Saham Amazon menguat 3,8 persen, dan indeks saham acuan teknologi reli 4,3 persen selama sesi perdagangan. Indeks saham S&P 500 naik 1,4 persen menjadi 3.875,44. Indeks saham Dow Jones menguat tipis 30,30 poin atau 0,1 persen menjadi 31.832,74. best profit

Saham teknologi kembali bangkit seiring imbal hasil obligasi AS stabil. Saham teknologi berguguran pada perdagangan wall street kemarin.

Imbal hasil obligasi AS bertenor 10 tahun turun lebih dari lima basis poin menjadi 1,54 persen. Pada Senin, imbal hasil obligasi naik menjadi 1,62 persen.

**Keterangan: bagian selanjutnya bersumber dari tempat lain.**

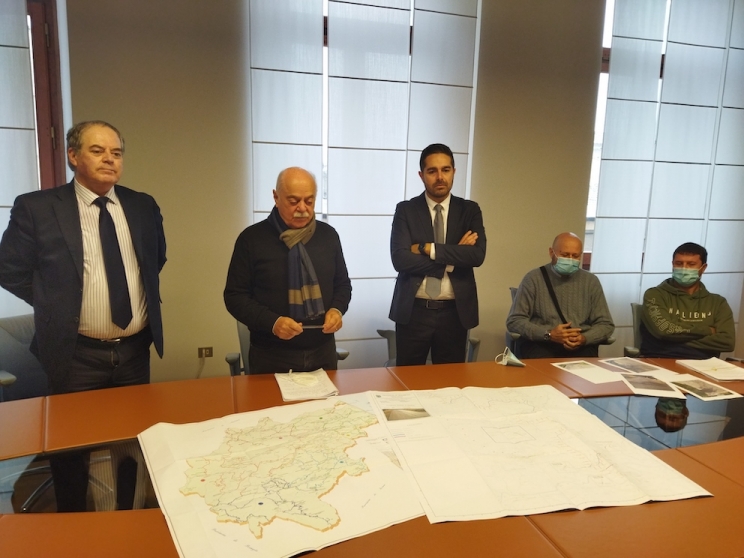 Martedì, 09 Novembre 2021 17:58 | Letto 688 volte Clicca per ascolare il testo Sisma: due milioni e mezzo di euro per la provinciale Penna San Giovanni-M.S. Martino Due milioni e mezzo di euro per i lavori di ripristino dai danni del sisma della provinciale 113, tra Penna San Giovanni e Monte San Martino. Il presidente della Provincia Antonio Pettinari, insieme al dirigente dell’ufficio tecnico Giuseppe Mundo, al progettista Carlo Casucci, al sindaco di Penna San Giovanni, Stefano Burocchi, e al collega di Monte San Martino, Matteo Pompei, ha presentato questo corposo intervento che riguarda un’arteria importante dell’entroterra. Cinque siti differenti di interventi, ha spiegato il progettista Casucci, tra risanamento di frane, realizzazione di palificate a valle e cassonetti per ripristinare le altezze del piano viario, dove fa rifatta la massicciata perché il terreno è sceso. In un caso serve anche un drenaggio profondo a causa delle infiltrazioni di acqua. Le risorse derivano dal quinto stralcio del programma di ricostruzione dell’ANAS, Soggetto Attuatore. «Questi ultimi sono stati anni impossibili per la Provincia - afferma Pettinari -: prima sono state cancellate le risorse per le strade ex statali, stiamo parlando di circa 12-13 milioni di euro all’anno; poi è arrivata la riforma Delrio che ha proseguito questa sottrazione di risorse; infine si è abbattuto il sisma. In mezzo a questa situazione complessa, ci siamo molto concentrati su viabilità, senza cui non ci può essere rilancio, soprattutto nelle zone periferiche, e sulle scuole che dobbiamo difendere a tutti costi non permettendo accorpamenti o peggio chiusure. Le strade sono importantissime perché quella provinciale è la rete principale, che collega i borghi e anche le piccole frazioni. Quindi abbiamo cercato di programmare il più possibile a lungo raggio e redigere progetti per essere sempre pronti ad intercettare finanziamenti: oggi abbiamo un piano delle opere pubbliche che guarda a 6 anni e questo ci permette di intervenire in modo puntuale».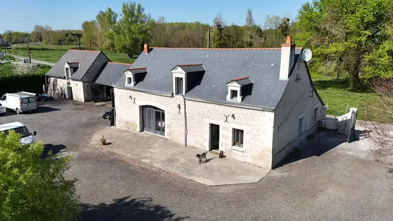 - une Maison de 200 m2, habitable de suite, proche de Chinon et de Saint Nicolas de Bourgueil. Elle se compose au rez de chaussée d'une salle à manger, un salon avec cheminée, une cuisine aménagée, une chambre avec coin toilette, une buanderie. A l'étage, le vaste pallier donne sur 4 chambres, une salle d'eau ,un débarras,.

“Setelah tertinggal dengan kurang baik selama beberapa minggu terakhir, pertumbuhan atau momentum saham menguat lebih tinggi karena investor sedikit lebih nyaman dengan suku bunga, dan membeli sektor saham yang paling disuka dulu,” ujar Pendiri Vital Knowledge, Adam Crisafulli dalam catatan, dikutip dari CNBC, Rabu (10/3/2021). best profit

Pada sesi sebelumnya, indeks Nasdaq merosot 2,4 persen sehingga ditutup lebih dari 10 persen. Indeks saham Nasdaq berada di wilayah koreksi.

Saham-saham teknologi dengan pertumbuhan tinggi telah tertekan akhir-akhir ini seiring kenaikan suku bunga membuat keuntungan ke depan kurang menarik. Oleh karena itu, menjadi sulit untuk membenarkan terhadap penilaian tinggi saham tersebut.

Banyak saham teknologi telah turun dua digit selama sebulan terakhir di tengah kekhawatiran suku bunga. Bahkan pada reli Selasa pekan ini, saham Apple telah turun lebih dari 10 persen dalam sebulan terakhir. Saham Tesla merosot 20 persen. Saham Zoom Video an Peloton masing-masing turun 20 persen dan 36 persen selama periode yang sama. best profit

“Banyak dari saham teknologi ini mengalami jenuh aksi jual dalam jangka pendek. Oleh karena itu, tidak mengherakan (pelaku pasar-red) melihat peningkatan yang bagus. Pertanyaannya apakah pantulan ini kuat,” ujar Chief Market Strategist Matt Maley.

Investor Cathie Wood dari Ark Investment Management mengatakan, aksi jual saham teknologi baru-baru ini menciptakan peluang besar baginya untuk membeli saham.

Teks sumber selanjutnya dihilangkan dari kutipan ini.